- IATA: none; ICAO: none; FAA LID: 9C2;

Summary
- Airport type: Public
- Owner: Mike Abu-Rezeq
- Serves: Athens, Michigan
- Elevation AMSL: 887 ft (270 m)
- Coordinates: 42°03′55″N 085°14′30″W﻿ / ﻿42.06528°N 85.24167°W
- Interactive map of David's Airport

Runways
| Direction | Length |  | Surface |
| ft | m |
| 9/27 | 2,500 | 762 | Turf |

Statistics (2005)
- Aircraft operations: 1,000
- Source: Federal Aviation Administration

= David's Airport =

David's Airport , also known as David's Field, is a privately owned, public-use airport located in Branch County, Michigan, United States. It is two miles (3 km) south of the central business district of Athens, a village in Calhoun County. David's Field was built shortly after World War II by John Broberg and named to honor his twin brother, who was killed on Okinawa.
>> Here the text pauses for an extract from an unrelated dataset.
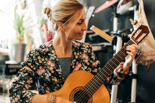 Fototapeta premium Candid portrait of a smiling woman playing the guitar.
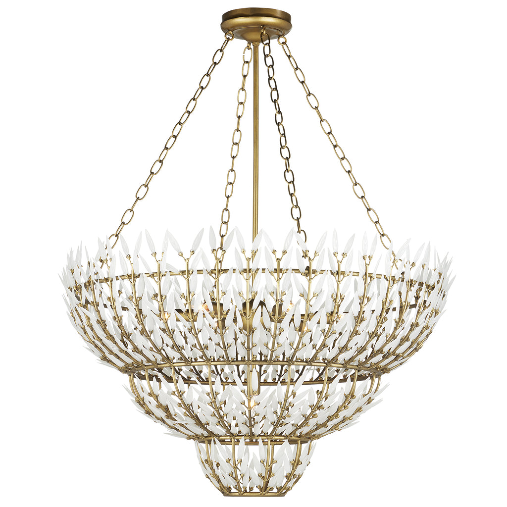The Magnum Opus Large Chandelier is a clean-lined version of a vintage design, meticulously conceived to bring elegance to any space. The rows of glass leaves attached to the three-tier metal stems effervesce when light strikes them to create a stunning sculptural fixture. The white glass also beautifully contrasts the metal in a brass finish, the cool/warm contrast bringing the gold chandelier a heightened level of texture. The beautiful white glass leaves also surround the seven bulbs on this fixture to infuse a space with a lovely glow. Adjustable from 48.5" to 116.5" with use of included chain/rod kit/cable. If your space calls for a longer drop, additional chain/rods/cable is available for purchase.

John operated the field intermittently into the 1970s where he conducted flight training and parachute practice operations.
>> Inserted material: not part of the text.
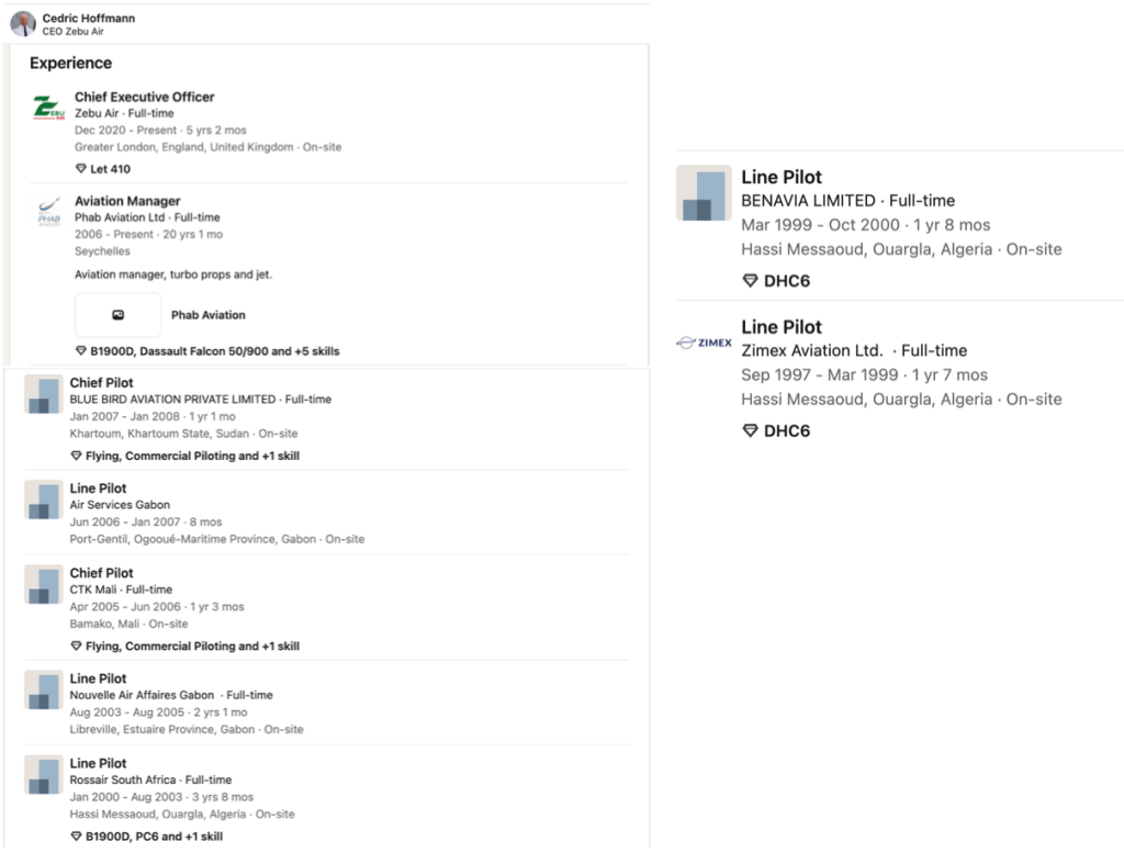 وعلى ما يبدو أن الرجل طيّارا مخضرما إذ يمتلك خبرة تمتد لنحو 35 عامًا في مجال الطيران، وقد عمل في عدة دول من بينها السودان وموريتانيا والجزائر وأنغولا والجابون ومالي، وفقًا لما تعرضه قائمة خبراته على حسابه في لينكدإن.

== Facilities and aircraft ==
David's Airport covers an area of 9 acre and has one runway designated as runway 9/27. The runway measures 2,500 x 100 ft (762 x 30 m) and has turf surface.

For the 12-month period ending December 31, 2005, the airport had 1,000 general aviation aircraft operations, an average of 83 per month.